== INPUT

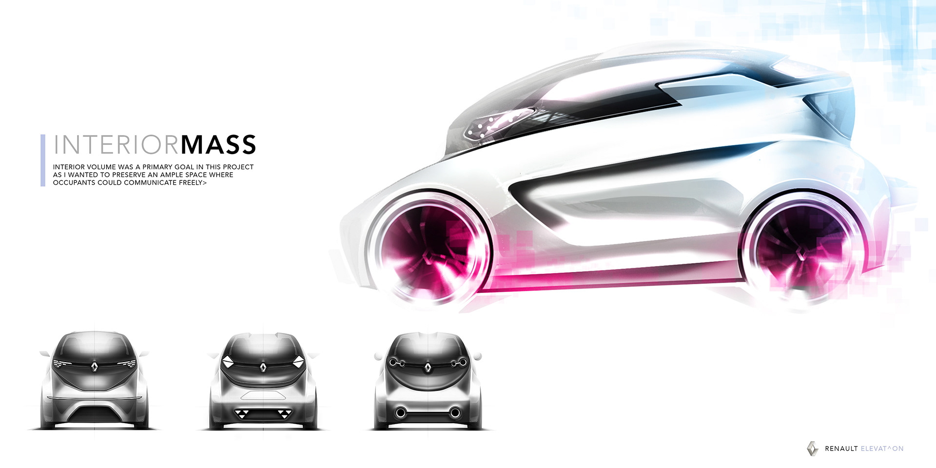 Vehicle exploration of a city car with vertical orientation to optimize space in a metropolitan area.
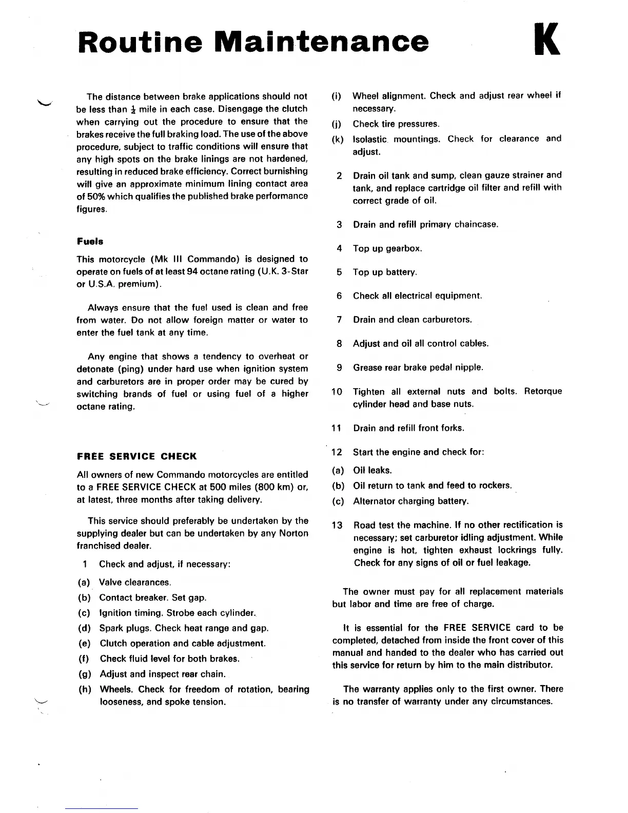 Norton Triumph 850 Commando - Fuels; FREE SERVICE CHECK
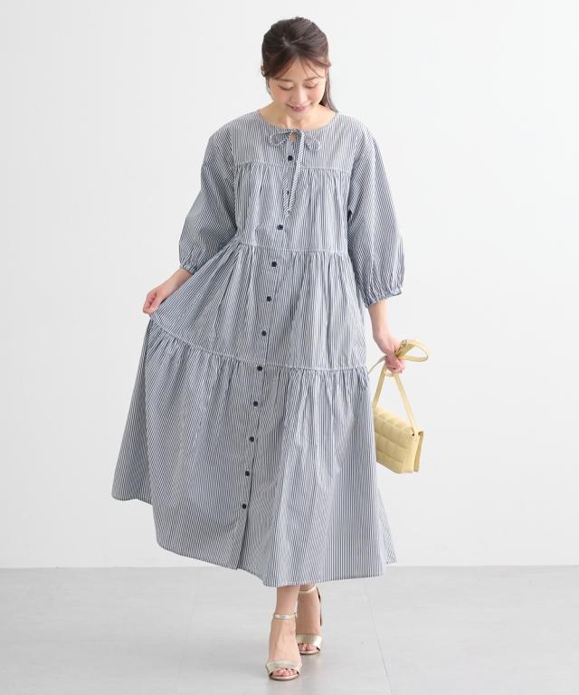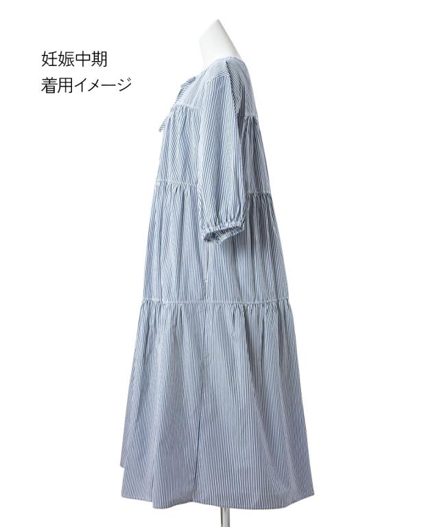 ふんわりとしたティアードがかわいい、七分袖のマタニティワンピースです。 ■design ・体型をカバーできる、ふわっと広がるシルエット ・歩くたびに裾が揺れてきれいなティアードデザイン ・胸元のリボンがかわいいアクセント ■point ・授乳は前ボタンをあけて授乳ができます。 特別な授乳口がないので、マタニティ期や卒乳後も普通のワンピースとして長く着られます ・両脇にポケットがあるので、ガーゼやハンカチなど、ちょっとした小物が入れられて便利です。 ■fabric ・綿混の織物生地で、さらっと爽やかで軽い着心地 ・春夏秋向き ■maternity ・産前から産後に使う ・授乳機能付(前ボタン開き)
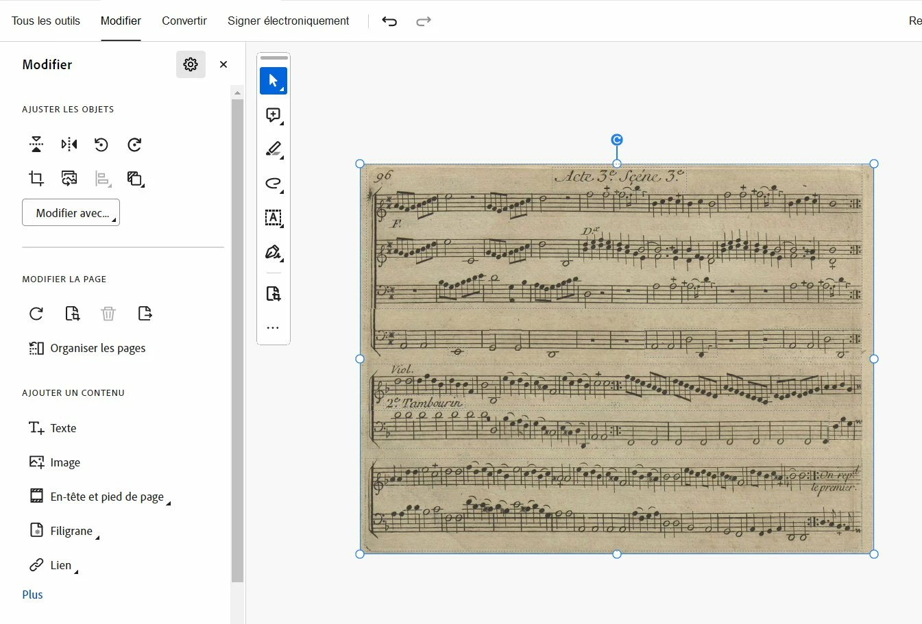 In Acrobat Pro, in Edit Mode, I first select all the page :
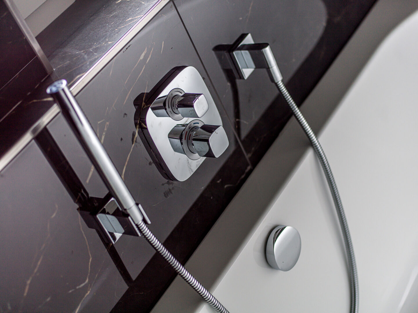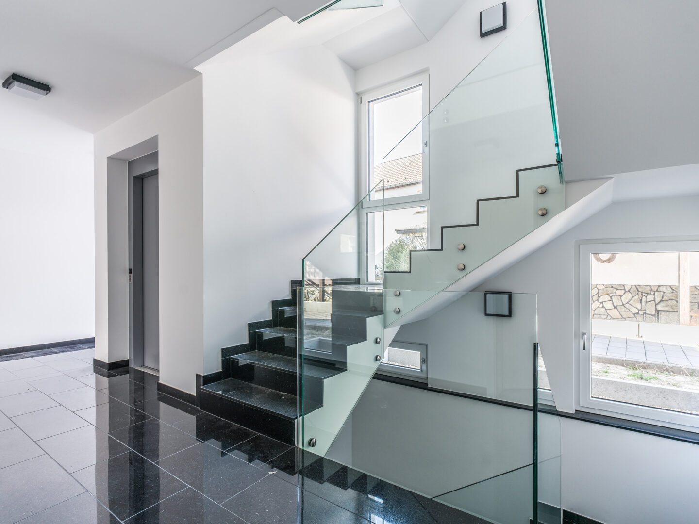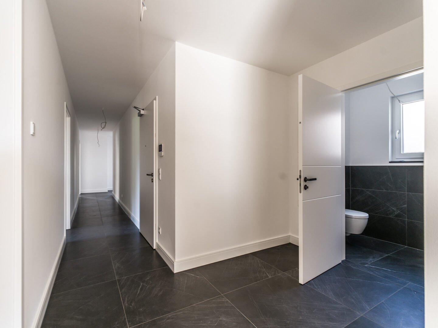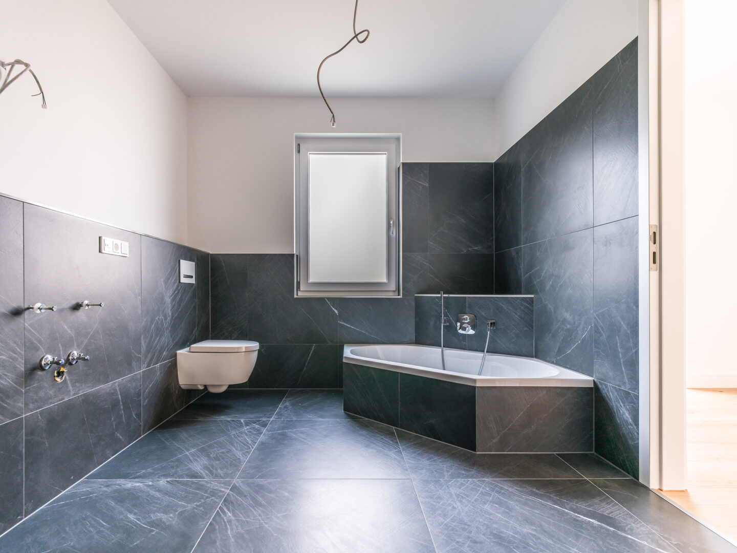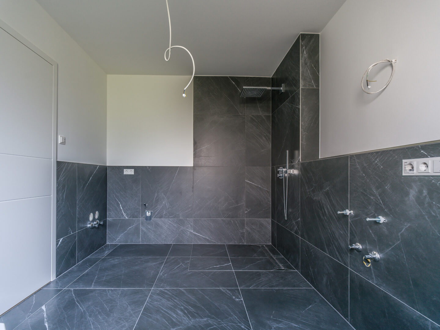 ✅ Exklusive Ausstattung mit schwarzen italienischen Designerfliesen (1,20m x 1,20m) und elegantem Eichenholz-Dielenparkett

====

◆ **ACTION ITEM**
Strip the images and reproduce the remaining records precisely.

◆ **PROBLEM SOLUTION**
 Vehicle exploration of a city car with vertical orientation to optimize space in a metropolitan area.
 Norton Triumph 850 Commando - Fuels; FREE SERVICE CHECK
 ふんわりとしたティアードがかわいい、七分袖のマタニティワンピースです。 ■design ・体型をカバーできる、ふわっと広がるシルエット ・歩くたびに裾が揺れてきれいなティアードデザイン ・胸元のリボンがかわいいアクセント ■point ・授乳は前ボタンをあけて授乳ができます。 特別な授乳口がないので、マタニティ期や卒乳後も普通のワンピースとして長く着られます ・両脇にポケットがあるので、ガーゼやハンカチなど、ちょっとした小物が入れられて便利です。 ■fabric ・綿混の織物生地で、さらっと爽やかで軽い着心地 ・春夏秋向き ■maternity ・産前から産後に使う ・授乳機能付(前ボタン開き)
 In Acrobat Pro, in Edit Mode, I first select all the page :
 ✅ Exklusive Ausstattung mit schwarzen italienischen Designerfliesen (1,20m x 1,20m) und elegantem Eichenholz-Dielenparkett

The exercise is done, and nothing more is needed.